Below are entries. Give back exactly the lines from the one containing "Після побиття черговий" through the one containing "(1)演示文稿制作完成后,通", inclusive, without the pictures.

| RECORDS FOR THE EXERCISE |
>>>>

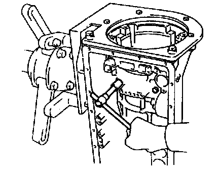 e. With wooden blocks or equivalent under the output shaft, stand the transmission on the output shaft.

<<<<
>>>>

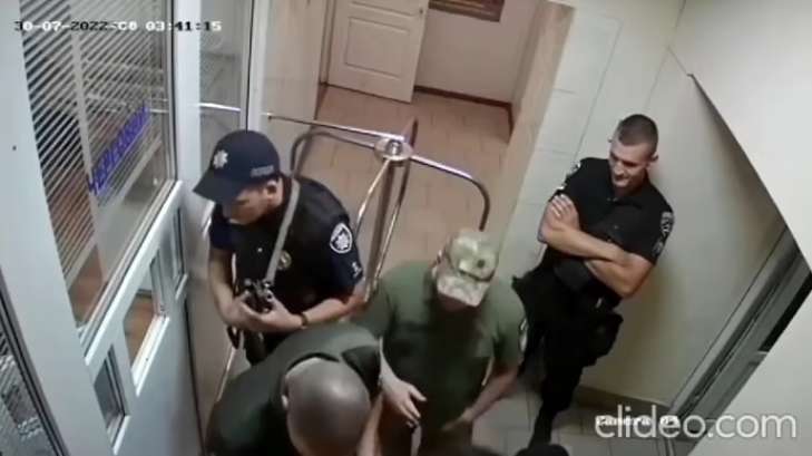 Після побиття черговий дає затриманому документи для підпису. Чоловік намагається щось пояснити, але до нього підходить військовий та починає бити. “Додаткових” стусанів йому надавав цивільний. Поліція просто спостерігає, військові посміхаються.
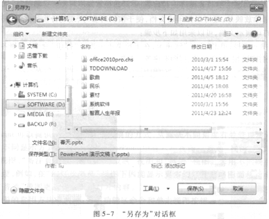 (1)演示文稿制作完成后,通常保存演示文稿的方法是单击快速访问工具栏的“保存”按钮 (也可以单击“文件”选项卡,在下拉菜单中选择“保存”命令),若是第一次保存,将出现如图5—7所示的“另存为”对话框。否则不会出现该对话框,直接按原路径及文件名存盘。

<<<<

| EXERCISE OUTPUT |
 Після побиття черговий дає затриманому документи для підпису. Чоловік намагається щось пояснити, але до нього підходить військовий та починає бити. “Додаткових” стусанів йому надавав цивільний. Поліція просто спостерігає, військові посміхаються.
 (1)演示文稿制作完成后,通常保存演示文稿的方法是单击快速访问工具栏的“保存”按钮 (也可以单击“文件”选项卡,在下拉菜单中选择“保存”命令),若是第一次保存,将出现如图5—7所示的“另存为”对话框。否则不会出现该对话框,直接按原路径及文件名存盘。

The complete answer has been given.